Johnson & Johnson is making its third attempt to resolve tens of thousands of lawsuits alleging its baby powder and other talc products cause cancer, with its subsidiary, Red River Talc, filing for bankruptcy in the U.S. Bankruptcy Court for the Southern District of Texas. This move is part of an $8 billion proposed settlement to end litigation, with J&J denying allegations that its products are contaminated with asbestos and cause ovarian and other cancers.
The company faces lawsuits from over 62,000 claimants, but has secured support from about 83% of current claimants for the proposed bankruptcy plan ¹. J&J’s strategy, known as the “Texas two-step” bankruptcy, involves offloading its talc liability onto a newly created subsidiary that declares Chapter 11, allowing the company to avoid filing for bankruptcy itself.

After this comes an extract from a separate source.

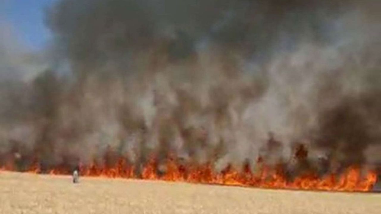 Yangının ardından yapılan ilk belirlemelere göre yaklaşık 100 dönüm buğday tarlası yanarak kül oldu. (İLKHA)

This approach enables bankruptcy judges to enforce global settlements, permanently halting related lawsuits and forbidding new ones. Outside of bankruptcy, J&J would remain exposed to potential multibillion-dollar verdicts. To improve its chances, J&J solicited plaintiff votes ahead of time, securing over 75% support required for a bankruptcy judge to impose the deal.
Notably, J&J’s third attempt focuses solely on ovarian and other gynecological cancer claims, building on previous settlements with state attorneys general and mesothelioma victims. However, the company faces opposition from lawyers and legal hurdles, including a June U.S. Supreme Court decision and proposed federal legislation aimed at preventing financially healthy companies like J&J from benefiting from bankruptcy protection.